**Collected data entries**
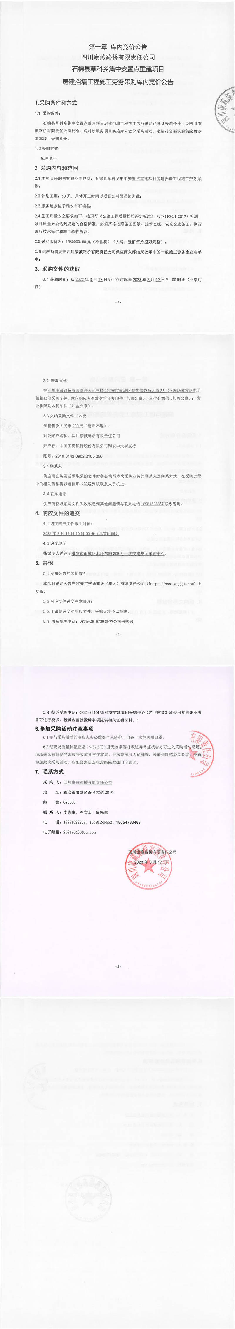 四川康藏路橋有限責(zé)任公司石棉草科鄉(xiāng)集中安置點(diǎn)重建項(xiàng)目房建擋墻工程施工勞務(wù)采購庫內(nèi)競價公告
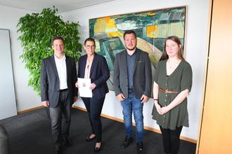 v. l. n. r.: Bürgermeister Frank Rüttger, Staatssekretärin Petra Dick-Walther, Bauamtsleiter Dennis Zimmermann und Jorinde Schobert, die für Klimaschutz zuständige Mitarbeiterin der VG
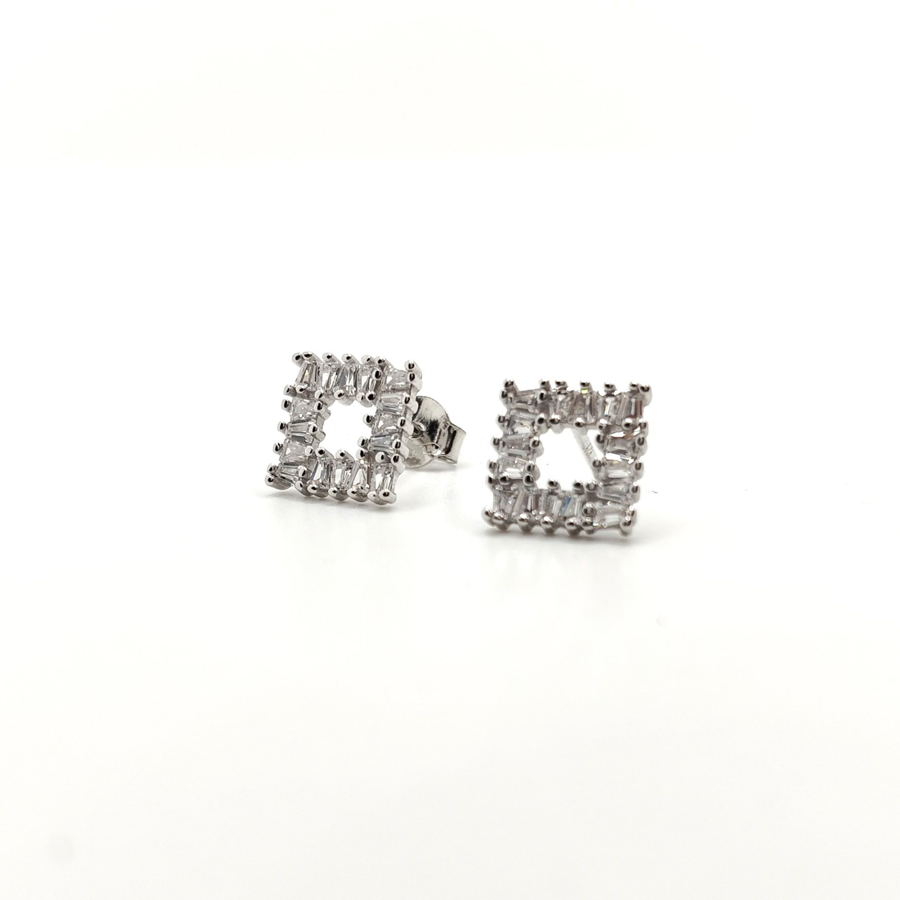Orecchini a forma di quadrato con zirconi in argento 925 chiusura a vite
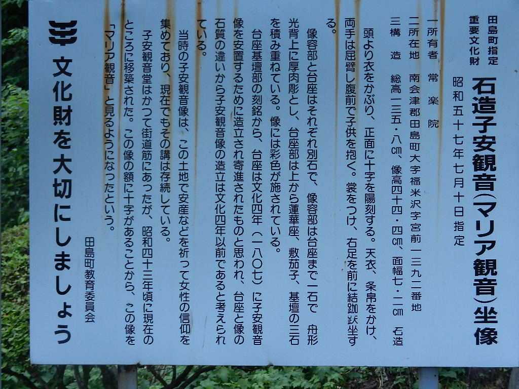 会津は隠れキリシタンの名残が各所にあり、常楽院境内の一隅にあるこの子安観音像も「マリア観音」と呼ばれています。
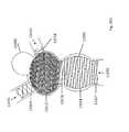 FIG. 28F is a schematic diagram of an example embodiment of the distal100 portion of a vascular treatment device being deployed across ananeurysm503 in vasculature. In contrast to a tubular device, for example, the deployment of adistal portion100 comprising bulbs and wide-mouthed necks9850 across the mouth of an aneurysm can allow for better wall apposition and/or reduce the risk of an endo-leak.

**Task to complete**
The required output is the line containing "v. l. n. r.: Bürgermeister" plus every line after it to the end of the data, copied exactly and with no pictures.

**Problem solution**
 v. l. n. r.: Bürgermeister Frank Rüttger, Staatssekretärin Petra Dick-Walther, Bauamtsleiter Dennis Zimmermann und Jorinde Schobert, die für Klimaschutz zuständige Mitarbeiterin der VG
Orecchini a forma di quadrato con zirconi in argento 925 chiusura a vite
 会津は隠れキリシタンの名残が各所にあり、常楽院境内の一隅にあるこの子安観音像も「マリア観音」と呼ばれています。
 FIG. 28F is a schematic diagram of an example embodiment of the distal100 portion of a vascular treatment device being deployed across ananeurysm503 in vasculature. In contrast to a tubular device, for example, the deployment of adistal portion100 comprising bulbs and wide-mouthed necks9850 across the mouth of an aneurysm can allow for better wall apposition and/or reduce the risk of an endo-leak.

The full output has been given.